I just got a Cowboy Studios remote trigger that works beautifully for $21

http://www.amazon.com/gp/product/B002X7FSO6/ref=oh_details_o02_s00_i00

I have three 600-RTs and the ST-E3-RT on order, but I decided that using one of them to trigger is a waste. Plus with a pre-2012 body you need a cable from the flash to the three wire socket on the camera (forget what that one is called). The trigger is small so doesn't take up much space and it acts and feels like the regular switch.


----------



## Fatalv (May 24, 2012)

The Yongnuo RF-603 triggers work as well.

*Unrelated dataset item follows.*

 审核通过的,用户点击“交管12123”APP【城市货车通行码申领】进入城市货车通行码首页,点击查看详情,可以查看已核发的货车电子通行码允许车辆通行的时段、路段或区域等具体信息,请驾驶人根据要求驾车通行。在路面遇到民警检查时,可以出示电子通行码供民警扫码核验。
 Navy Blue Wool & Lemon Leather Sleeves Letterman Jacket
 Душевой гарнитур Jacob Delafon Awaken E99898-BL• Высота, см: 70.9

I'm using two sets to fire off a 430EX II and the 600EX-RT. Cheap price and they double as wireless shutter releases.


----------



## mbworldz (May 29, 2012)

Does the Yongnuo RF-603 has TTL? If not, should I get one of those Sekonic L-358 Flash Master?

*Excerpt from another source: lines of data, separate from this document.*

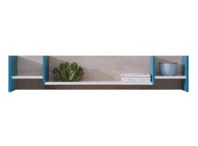 Nástavný regál z programu Planet – kombinácia svetlého dubového dekoru, bielej a morskej modrej farby vyzerá zaujímavo. Nábytok je tak ideálny pre zariadenie detskej alebo študentskej izby, prípadne i dospelých.
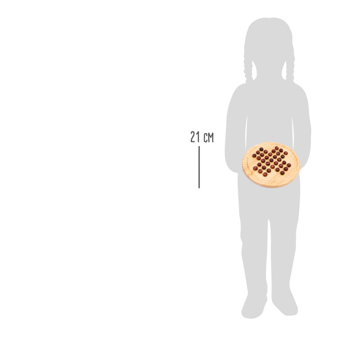 As esferas de madeira polida devem saltar umas sobre as outras no tabuleiro, de modo que no final só fique uma.
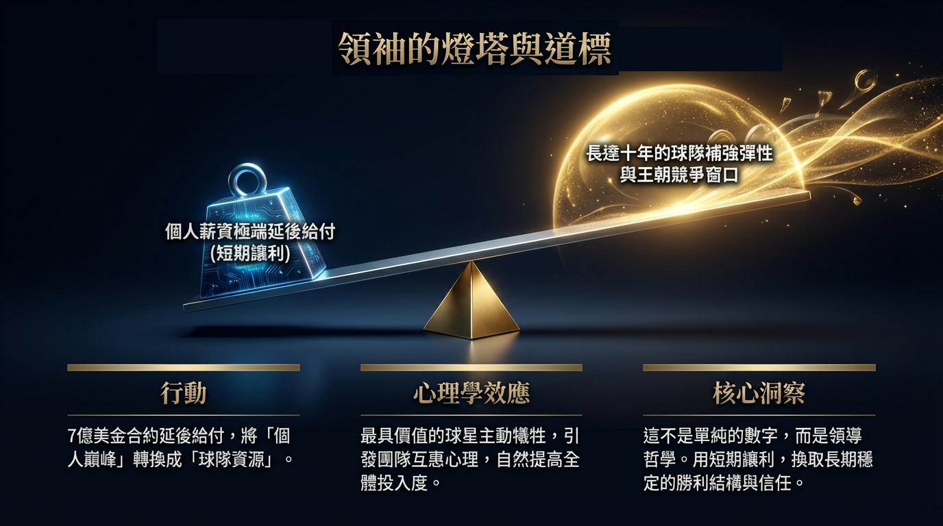 領袖的價值,不在於喊口號,而在於讓團隊看見「什麼叫做目標大於自我」。大谷翔平那份七億美元合約最震撼的地方,從來不只是數字,而是結構。他透過極大比例的延後給付,把原本屬於自己的即期利益,轉換成球隊當下的資源彈性。這不是單純的薪資設計,而是一種領導訊號:我不是只來這裡當最貴的明星,我是來和你們一起建立王朝的。
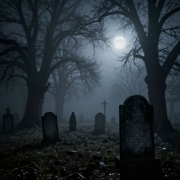 Scarry scene in a foggy graveyard at midnight, twisted trees casting eerie shadows, ghostly figures lurking, cracked tombstones with ancient symbols, pale moonlight breaking through dense mist, unsettling atmosphere, dark and haunting color palette
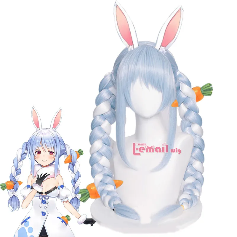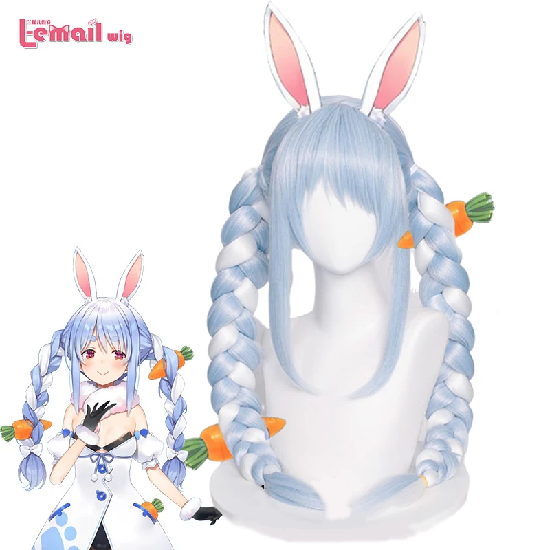 L-email парик Hololive Usada Pekora парики для косплея Youtuber Usada парик длинные плетеные волосы конский хвост синие термостойкие синтетические волосы
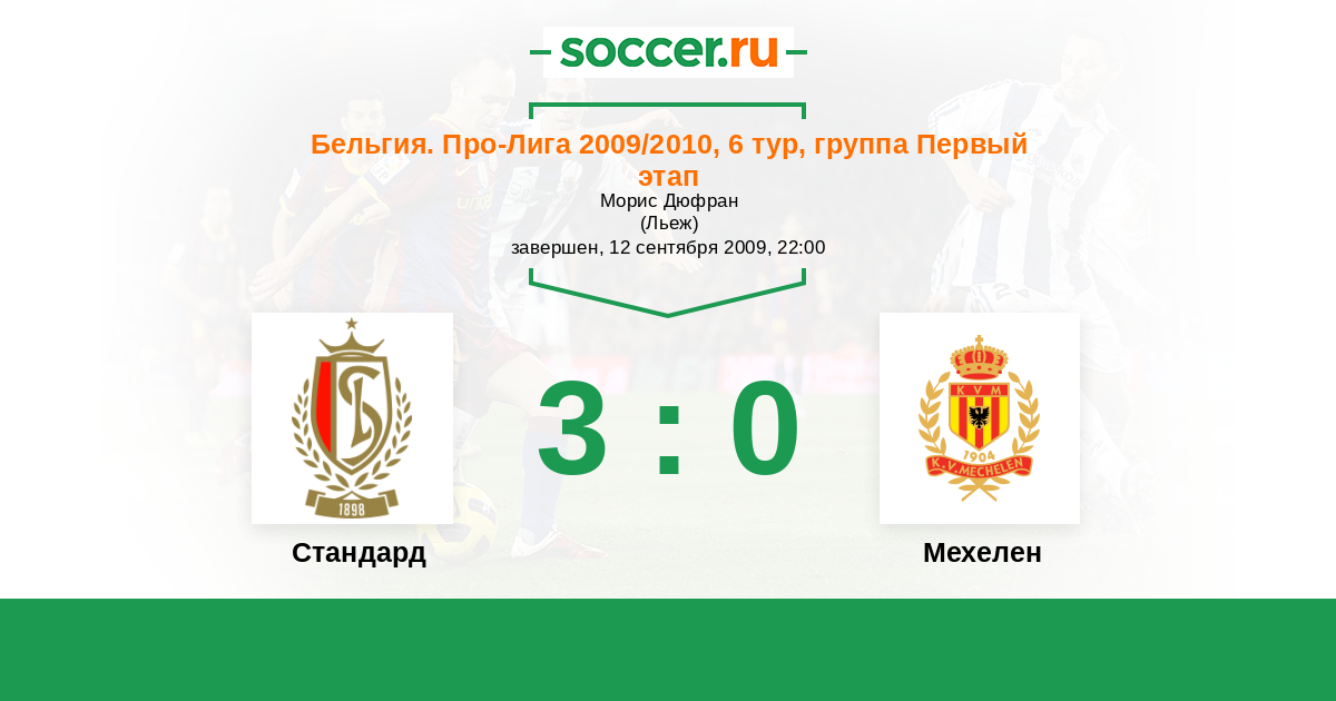 Бельгия. Про-Лига 17.09.2010 Мехелен Логотип футбольный клуб Мехелен 1:0 Логотип футбольный клуб Стандард (Льеж) Стандард

or If I get two 600EX-RT, can it trigger remotely to each other ?


----------



## Fatalv (Jun 1, 2012)

mbworldz said:


> Does the Yongnuo RF-603 has TTL? If not, should I get one of those Sekonic L-358 Flash Master?
> 
> or If I get two 600EX-RT, can it trigger remotely to each other ?



The Yongnuo only works in manual mode.


----------



## RC (Jun 1, 2012)

FunPhotons said:


> ...
> I have three 600-RTs and the ST-E3-RT on order, but I decided that using one of them to trigger is a waste....



Yip, that's why I ordered a ST-E3-RT. I do wish it had the AF assist light, but for the price (328 Amazon), I'm happy. 

BTW, B&H still shows them for 319 preorder. 

http://www.canonrumors.com/forum/index.php?topic=6287.msg118405#msg118405


----------



## mbworldz (Jun 5, 2012)

What about the Phottix Strato II Wireless Remote Speedlite Trigger eTTL ?
They said it works with TTL? 
http://www.ebay.com/itm/Phottix-Strato-II-Wireless-Remote-Speedlite-Trigger-eTTL-Canon-5DMKIII-5dMK3-1Dx-/270974643001?pt=Camera_Camcorder_Remotes&hash=item3f1758eb39





Fatalv said:


> mbworldz said:
> 
> 
> > Does the Yongnuo RF-603 has TTL? If not, should I get one of those Sekonic L-358 Flash Master?
> ...


----------



## Daniel Flather (Jun 12, 2012)

I have two 600rt units and the st-e3-rt, expensive set up, but it's slick!


----------



## RC (Jun 12, 2012)

Daniel Flather said:


> I have two 600rt units and the st-e3-rt, expensive set up, but it's slick!



You going to get any 440-RTs when they come out?


----------



## Daniel Flather (Jun 12, 2012)

RC said:


> Daniel Flather said:
> 
> 
> > I have two 600rt units and the st-e3-rt, expensive set up, but it's slick!
> ...



No, but I might pick up another 600. I had two 430s that I sold with my 580 and 50/1.4 to help cover the two 600s and st-e3-rt. The 430s were great, but the lower power and lower re-sale value have sealed the deal of, go big or go home.


----------



## RC (Jun 12, 2012)

Daniel Flather said:


> RC said:
> 
> 
> > Daniel Flather said:
> ...



Reason I asked was I have a 600-RT, an ST-E3-RT on pre-order and I was planning to get a couple of 440s when the the time comes. Basically replacing what I had (1 580 II and 2 430 IIs). Was curious if and why you were going with 600s over 440s and see have answered that.


----------



## Daniel Flather (Jun 12, 2012)

RC said:


> Daniel Flather said:
> 
> 
> > RC said:
> ...



It seemed silly before to have the bigger flash 580 as the trigger and the little 430s doing all the work. I think the new set- up makes more sense, albeit more costly.


----------